A total of 323 pregnant women were potentially eligible. Of these, 7 were excluded: 6 had pregestational diabetes and 1 woman had serious health problems. There were 4 abortions (3 spontaneous and 1 induced), 18 women were not in the community at the time of recruitment, 29 were identified after 26 weeks' gestation, 4 were not contacted prior to the end of recruitment and 42 refused to take part. This resulted in 219 eligible subjects: 107 in the control period and 112 in the intervention period. Women who were not recruited were similar in age, prepregnancy weight, height and BMI. Women in the treatment group were seen at least monthly for the duration of the pregnancy. The mean number of individual counselling sessions was 4.03 (standard deviation [SD] 1.68), averaged over all subjects. Miscarriages occurred in 2 control subjects and in 3 women in the intervention group soon after recruitment. Mean age, prepregnancy weight, height, BMI and gestational age at recruitment were similar for the intervention and control groups (Table 2).
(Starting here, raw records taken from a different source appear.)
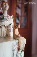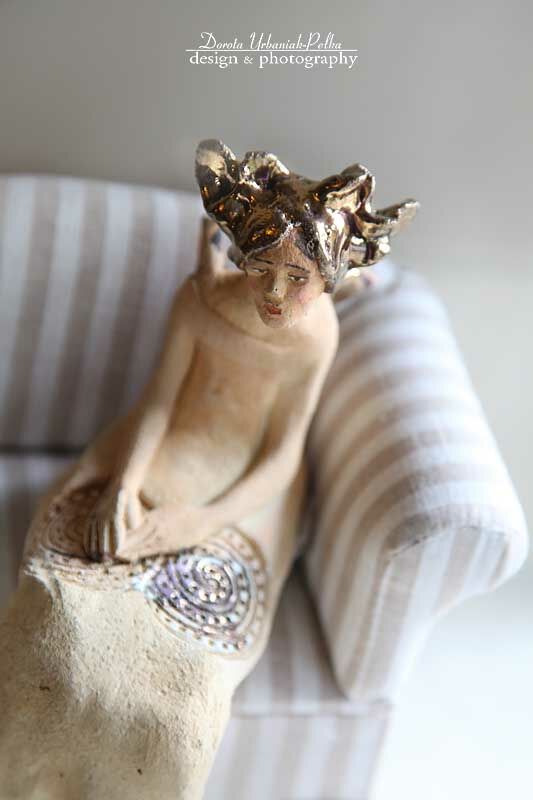 Włosy, skrzydło oraz buciki szkliwione złotem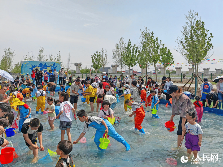 2025年5月4日,游客在天津市东丽区蔡园子农场参加捞鱼比赛。人民网记者 崔新耀摄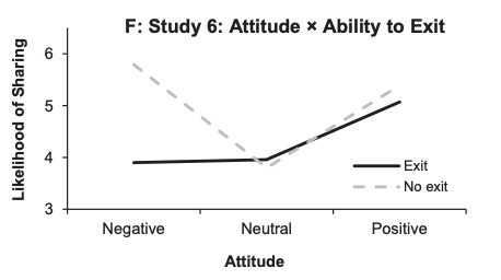 Then, study 6 examined whether customers’ feedback behaviour changed as a result of the type of options that they had available. The researchers found that customers are less likely to complain when they have an option (e.g., return the item), than when they feel that they have no alternative. Again, there was no difference in terms of positive feedback. The availability of an option is presented by the solid line in figure F, and the lack of option by the dotted line.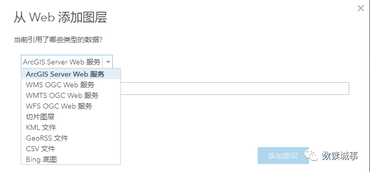 然后回到【ArcGIS online中国】,使用【从Web添加图层】,在选择【WMS OGC Web 服务】后,在URL中输入刚刚复制的服务地址。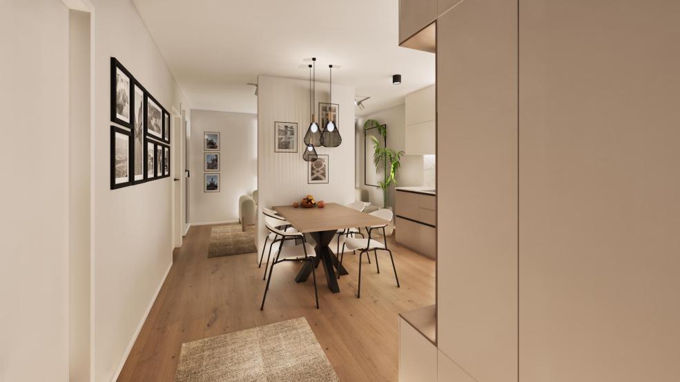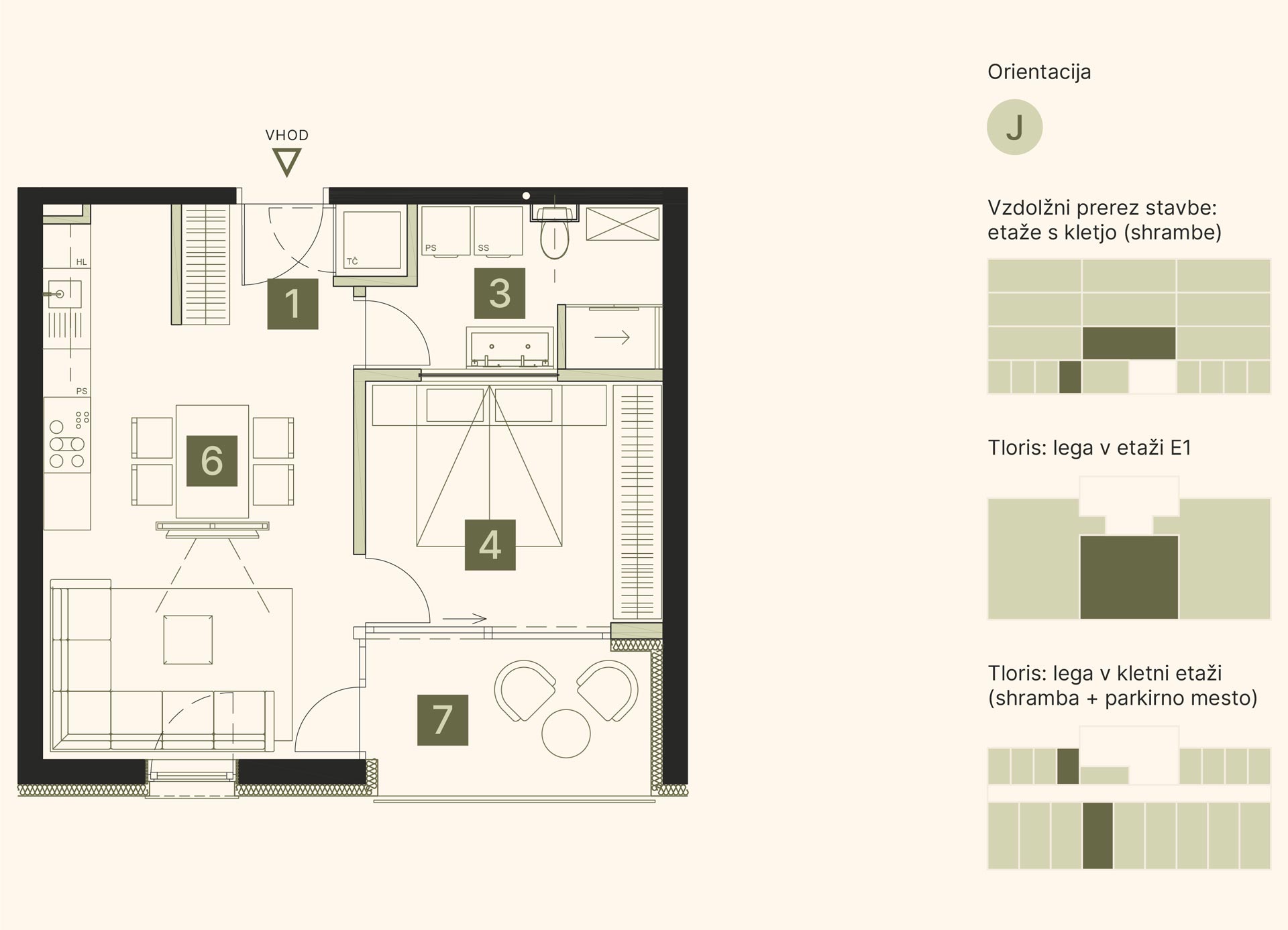 Svetlo in funkcionalno zasnovano dvosobno stanovanje vključuje predprostor, kopalnico, spalnico, skupni dnevni prostor s kuhinjo in jedilnico ter ložo. Stanovanju pripadata dve lastniški parkirni mesti: eno zunanje, pred objektom, in drugo pokrito, v kletni etaži, s predpripravo za električno polnilnico in shrambo.
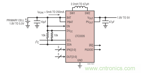 LTC3335 是一款毫微功率高效率同步降壓-升壓型轉(zhuǎn)換器,內(nèi)置了精確的庫(kù)倫計(jì)數(shù)器,提供高達(dá) 50mA 連續(xù)輸出電流。該器件具僅為 680nA 的靜態(tài)電流,可編程峰值輸入電流從低至 5mA 直至 250mA,非常適合多種低功率電池應(yīng)用,例如在可穿戴設(shè)備和 IoT 設(shè)備中見到的那些應(yīng)用。其 1.8V 至 5.5V 輸入電壓范圍和 8 個(gè) 1.8V 至 5V 的用戶可選輸出允許在輸入電壓高于、低于或等于輸出電壓時(shí),提供穩(wěn)定的輸出電源。此外,該器件集成的精確 (±5% 電池放電測(cè)量準(zhǔn)確度) 庫(kù)倫計(jì)數(shù)器可在長(zhǎng)壽命不可再充電的電池供電應(yīng)用中,對(duì)累積電池放電提供準(zhǔn)確監(jiān)視,這類應(yīng)用在很多情況下具極其平坦的電池放電曲線。典型應(yīng)用包括無線傳感器、遠(yuǎn)程監(jiān)視器和ADI的 Dust Networks SmartMesh系統(tǒng)。LTC3335 包含 4 個(gè)內(nèi)部低 RDSON MOSFET,可提供高達(dá) 90% 的效率。其他特點(diǎn)包括一個(gè)可編程放電報(bào)警門限、一個(gè)用于存取庫(kù)倫計(jì)數(shù)值和器件設(shè)定的 I2C 接口、一個(gè)電源良好輸出和 8 個(gè) 5mA 至 250mA 的可選峰值輸入電流以適合多種類型和尺寸的電池。采用耐熱增強(qiáng)型 20 引線 3mm x 4mm QFN 封裝的 LTC3335 的工作結(jié)溫范圍為 -40°C 至 +125°C。圖 2 顯示了 LTC3335 的典型應(yīng)用電路。

The mean intake of energy and other nutrients at an average of 27 weeks' gestation was similar for the intervention and control groups (Table 3). Mean intake was adequate for most nutrients, but the diet included some very high sources of energy that provide few nutrients. Dietary folate was low in both groups, and the cholesterol level was high, reflecting low intakes of fruit and vegetables and the abundance of eggs in the diets. Only caffeine consumption was significantly reduced as a result of the intervention (p = 0.046), however, given the number of nutrients tested, it was not significant using the Bonferroni correction.
There was a significant association between energy intake, measured by one 24-hour diet recall of the participant, and rate of weight gain (r = 0.23, p < 0.002). Self-reported levels of physical activity were very low, with 23% of women reporting sedentary behaviour in the control group and a significantly higher percentage, 61%, in the intervention group (p < 0.001). Activity in the bush did not differ between the control and intervention periods, but, overall, women reported being more active when in the bush (p < 0.001).
The rate of weight gain was similar for the intervention group when compared with the control group and was very high at over 0.5 kg per week in both groups (Table 4). The total weight gain was 13.2 kg (SD 8.3) for control subjects compared with 12.0 kg (SD 6.4, p = 0.29) for women in the intervention group. In both groups combined, overweight women (BMI >> 29 kg/m2) gained significantly less weight (9.5 kg [SD 6.0]) than women who were not overweight (BMI ≤ 29 kg/m2) who gained 16.1 kg (SD 7.4). In addition, among those who developed GDM (n = 25), the mean rate of weight gain after diagnosis of GDM was the same for both the control and treatment groups (0.36 kg per week [SD 0.44] v. 0.51 kg per week [SD 0.35] respectively, p = 0.39).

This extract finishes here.